La deuxième grande difficulté était d’ordre financier dans ce sens qu’il fallait à la fois acheter les matériels de travail (ordinateurs fixes, lap tops, logiciels, imprimantes,…) et préfinancer les premières études à montrer aux clients. Cela s’est fait essentiellement par autofinancement (grâce aux économies personnelles) et au moyen des prêts informels ou Banque Lambert (à des taux de remboursement très élevés) tellement les banques congolaises sont toujours réticentes à financer les nouvelles PME sans garanties (contrats, hypothèques,…). Nous avons traversé des moments très difficiles sur le plan financier la première année et c’est l’occasion de remercier ma principale associée Agnès Eketebi et toute l’équipe initiale de Target (Mireille Lumu, Sonia Bokako, Blaise Pezo, Hortense Mbumba et Aimé Kamuha) pour tous les sacrifices consentis surtout que le lancement de Target coïncidait avec la période d’incertitudes politiques en RDC liées aux élections présidentielles et législatives de 2011 (baisse des activités économiques).

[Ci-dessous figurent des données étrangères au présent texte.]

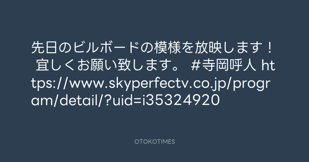先日のビルボードの模様を放映します! 宜しくお願い致します。 #寺岡呼人 https:/... -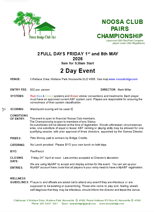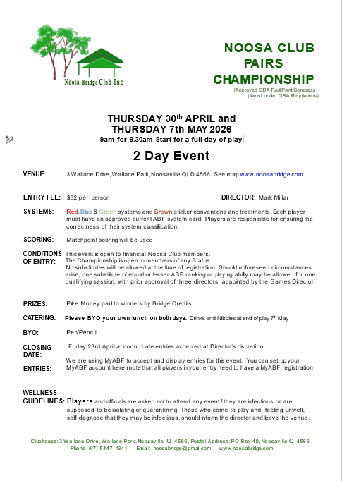 Note: Entry is restricted to members of Noosa Bridge Club Inc.

Enfin, nous pouvons mentionner les réticences de certains clients sur notre capacité à fournir les études selon les standards internationaux. L’adhésion de TARGET à ESOMAR (l’association mondiale des professionnels des études de marché), le partenariat avec les cabinets globaux (particulièrement Ipsos), la participation régulière aux conférences internationales et les formations du personnel nous ont permis de vaincre cet écueil.

Quelles sont les ambitions de Target pour les cinq prochaines années ?

Target est un Cabinet d’études de marché et Consulting. Ce dernier aspect n’est pas très développé et nous aimerions le développer davantage au cours des 5 prochaines années (aider les investisseurs à pouvoir mieux s’installer en RDC et dans les pays environnants, accompagner nos clients en termes de vente et distribution, en termes de stratégies concurrentielles,…)

Il faut davantage internationaliser notre business ; c’est vrai qu’actuellement nous sommes opérationnels dans certains pays environnants (Burundi, Cameroun, Gabon et Rwanda) avec des équipes locales de consultants, mais on aimerait élargir le nombre des pays d’intervention à d’autres régions de l’Afrique grâce notamment à des partenariats avec d’autres cabinets d’études ou de consulting.

Comment entrevoyez-vous l’environnement des affaires en RDC et dans la sous-région des Grands Lacs pour les cinq prochaines années ?

Optimiste de nature, j’envisage une amélioration du climat d’affaires et de la stabilité politique en RDC et dans les Grands-Lacs. C’est une région riche en ressources minières et naturelles, on y trouve des jeunes entrepreneurs pleins de talents et d’ambitions, les investisseurs internationaux sont intéressés par le potentiel de cette région,… Il n’appartient plus qu’aux décideurs politiques (pouvoir et opposition) de prendre conscience des enjeux économiques et des opportunités susceptibles d'être exploités pour le bien-être des populations.